There is no difference in the case of using of your last
MVAPICH-0.9.8:
for example, after mpicc -noshlib -o cpi cpi.c :
mpirun_rsh -rsh -np 1 c5ws1.chem.ac.ru ./cpi
[0] Abort: Cannot allocate PD (Invalid Virtual Address) at line 745 in
file viainit.c
mpirun: executable version 0 does not match our version 3.
done.
The only plus of 0.9.8 in this sense is that it install w/right pathes
in mpif77/mpif90/mpicc etc.
BTW, what means here message about "mismatch" of executable version ?
Yours
Mikhail
> You have
>indicated a reasoning behind this. However, as you know, IB and the
>related stacks are getting updated very frequently. We have just
>released 0.9.8. Thus, it will be better if you start using the latest
>version and the latest stacks.
>
>DK
>
>
>> We worked very well w/MVAPICH-0.9.4 from Gen1 IBGD-1.6.1 Mellanox
>> toolset.
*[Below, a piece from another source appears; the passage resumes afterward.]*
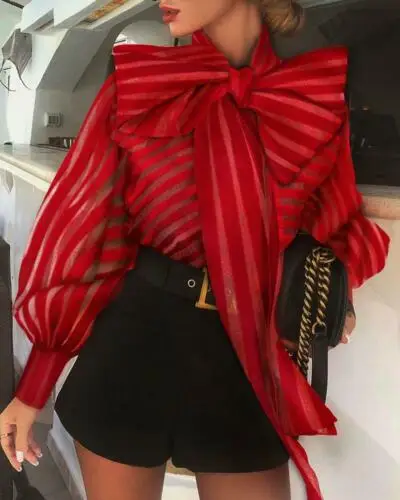 Женская одежда, топы, сетчатая прозрачная полосатая блузка, Прозрачный Топ с длинным рукавом, модная черная красная рубашка с большим бантом для женщин

Then about 1 year ago we upgraded to IBGD-1.8.0
>> w/MVAPICH-0.9.5 but worked only w/applications using TCP/IP over IB
>> stack, and I didn't verify MPI (the common IBGD installation process
>> said that all is OK) :-(
>>
>> But now I found that MVAPICH-0.9.5 in 1.8.0 don't work for me :-( !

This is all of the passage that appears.